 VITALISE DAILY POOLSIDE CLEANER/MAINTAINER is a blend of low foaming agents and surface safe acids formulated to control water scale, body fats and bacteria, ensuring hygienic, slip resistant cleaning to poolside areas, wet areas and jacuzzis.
==
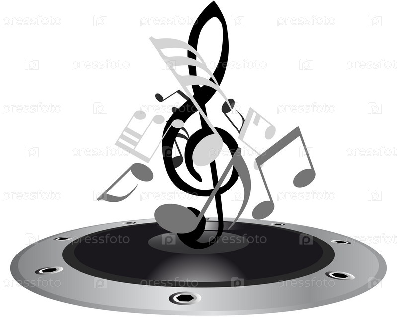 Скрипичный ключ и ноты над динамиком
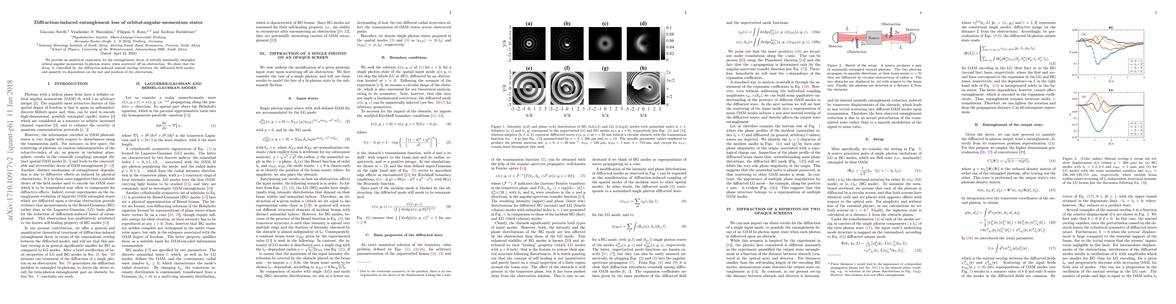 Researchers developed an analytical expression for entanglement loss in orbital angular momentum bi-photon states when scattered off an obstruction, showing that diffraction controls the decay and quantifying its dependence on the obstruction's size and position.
* * *
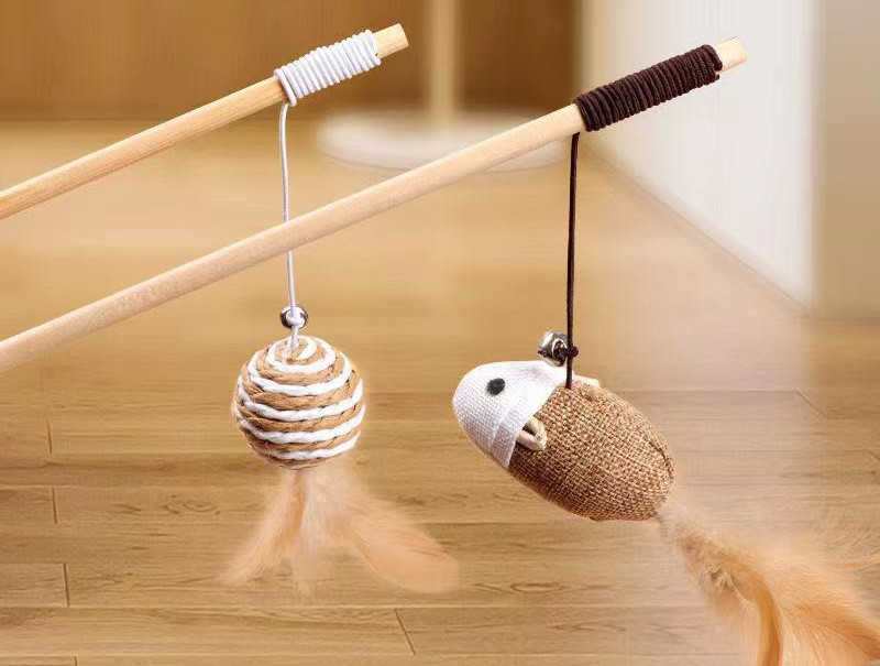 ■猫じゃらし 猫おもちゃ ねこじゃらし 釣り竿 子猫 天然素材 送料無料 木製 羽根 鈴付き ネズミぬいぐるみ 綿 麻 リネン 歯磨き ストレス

» **WHAT YOU SHOULD DO**
For this exercise, please set down exactly the lines of the listing above from the line with "Скрипичный ключ и ноты над динамиком" up to and including the line with "Researchers developed an", and no pictures.

» **SOLUTION**
 Скрипичный ключ и ноты над динамиком
 Researchers developed an analytical expression for entanglement loss in orbital angular momentum bi-photon states when scattered off an obstruction, showing that diffraction controls the decay and quantifying its dependence on the obstruction's size and position.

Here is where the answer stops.